Antagonist, Aktivist, Operator, Überlebender – The New York Times

NOTLÜGEN
Das Doppelleben von Walter F. White und Amerikas dunkelstes Geheimnis
Von AJ Baime

„Der schwarze Mann ist eine Person, die ‚Jim Crow’ in Georgia reiten muss“, schrieb WEB Du Bois. Auf der Suche nach einer Grundlage für eine rassenbasierte Organisation, die einen Weg zwischen der absurden „Ein-Tropfen-Regel“ und den falschen Versprechungen des kulturellen Essentialismus ebnete, hatte Du Bois Jahrhunderte rassistischer Pseudowissenschaft, Philosophie und Recht zu einem Bild der alltäglichen Erniedrigung destilliert eines Eisenbahnwagens. Vielleicht absichtlich schloss diese Definition Walter F. White, den Mitarbeiter von Du Bois, der zum Gegenspieler wurde, ausdrücklich aus, der von 1930 bis 1955 als Exekutivsekretär der NAACP diente.

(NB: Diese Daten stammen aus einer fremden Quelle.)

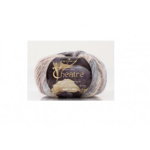 単色と5色プリントの2種類のウール・アルパカスライバーを、度目の粗いナイロンリリヤーンに同時に吹き込み、空気の渦の中を通して表面の起毛をロービング風に巻きつけた糸です。スライバーを吹き込む際に量に変化をつけて、太い部分と細い部分をつくり、ロービングスラブ風に仕上げています。色はパリの劇場空間に見られる色彩を表現しました。

Der Bericht, den White von sich gegeben hat, erzählt uns AJ Baime in seiner uninteressanten, unkritischen neuen Biografie „White Lies: The Double Life of Walter F. White and America’s Darkest Secret“, war anders. Der blonde und blauäugige Weiße, der 1893 in Atlanta in eine bürgerliche schwarze Familie hineingeboren wurde, wurde einer der mächtigsten schwarzen Männer in den Vereinigten Staaten. Auf die Frage, warum er sich entschieden habe, als Schwarzer zu leben, beschrieb White einen Moment während der Unruhen in Atlanta im Jahr 1906, als das Haus seiner Familie von einem weißen Mob umzingelt war. White erinnerte sich, dass sein Vater ihm eine Waffe gegeben und ihm gesagt hatte, er solle schießen, wenn jemand den Vorgarten betrat. „Nach dieser Nacht wusste ich, dass ich nie ein Weißer sein wollte“, schrieb White später. „Ich wusste, auf welcher Seite ich stand“

White begann 1917 bei der NAACP zu arbeiten und zog ein Jahr später nach New York. Die Zeit während und nach dem Ersten Weltkrieg war geprägt von erschreckender Massengewalt gegen Afroamerikaner. In East St. Louis, Chicago, Elaine, Ark., Tulsa und unzähligen anderen kleineren Städten ermordeten und verstümmelten weiße Mobs Hunderte von Männern, Frauen und Kindern nahezu ungestraft. Ihre Ziele waren Menschen, die die Jim Crow South auf der Suche nach Industriearbeitern während des Krieges verlassen hatten, oder die versuchten, Pächtergewerkschaften zu organisieren, oder einfach Anspruch auf Eigentum und öffentlichen Raum erhoben.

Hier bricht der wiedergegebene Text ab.